The file is structured such that the number of dumps it makes is listed at the beginning with just a simple value, like 6. each time the program makes a new dump I want that to be incremented, so now it's 7. the problem lies with the 10th, 100th, 1000th, and so dump. the program will enter the 10 just fine, but remove the first letter of the next line:
"9\n580,2995,2083,028\n..."
"10\n80,2995,2083,028\n..."
obviously, the difference between 580 and 80 in this case is significant. I can't lose these values. so i need a way to add a little space in there so that I can add in this new data without losing my data or having to pull the entire file up and then rewrite it.
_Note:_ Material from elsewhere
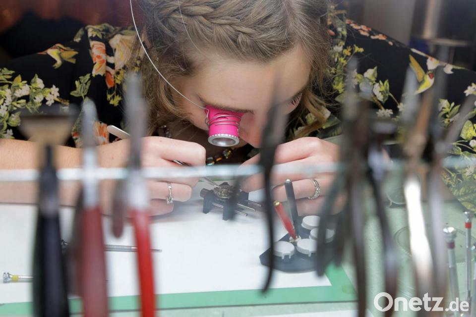 Als die Realschülerin nach einem Praktikum verkündete, sie wolle beim Papa in die Lehre gehen, war die Freude groß. Und so sitzt sie jetzt tagtäglich mit der Lupe an ihrem Arbeitsplatz und lernt die Grundbegriffe und Standard-Übungen des Handwerks. Nun, im zweiten Lehrjahr, beherrscht die 17-Jährige schon viele Fertigkeiten. Für Grobmotoriker ist dieser Beruf eher nichts: Muss etwas eingepasst werden, geht es beim Feilen schon mal um einen Hundertstel Millimeter. Da ist Geduld gefragt und Augenmaß.

Basically what I'm looking for is a kind of prepend function. something to add data to the beginning of a file instead of the end.
Programmed in Python
~n
See the answers to this question:
How do I modify a text file in Python?
Summary: you can't do it without reading the file in (this is due to how the operating system works, rather than a Python limitation)
It's not addressing your original question, but here are some possible workarounds:
Use SQLite (it's bundled with your Python)
Use a fancier database, either RDBMS or NoSQL
Just track the number of dumps in a different text file
The first couple of options are a little more work up front, but provide more flexibility. The last option is the easiest solution to your current problem.
You could quite easily create an new file, output the data you wish to prepend to that file and then copy the content of the existing file and append it to the new one, then rename.
This would prevent having to read the whole file if that is the primary issue.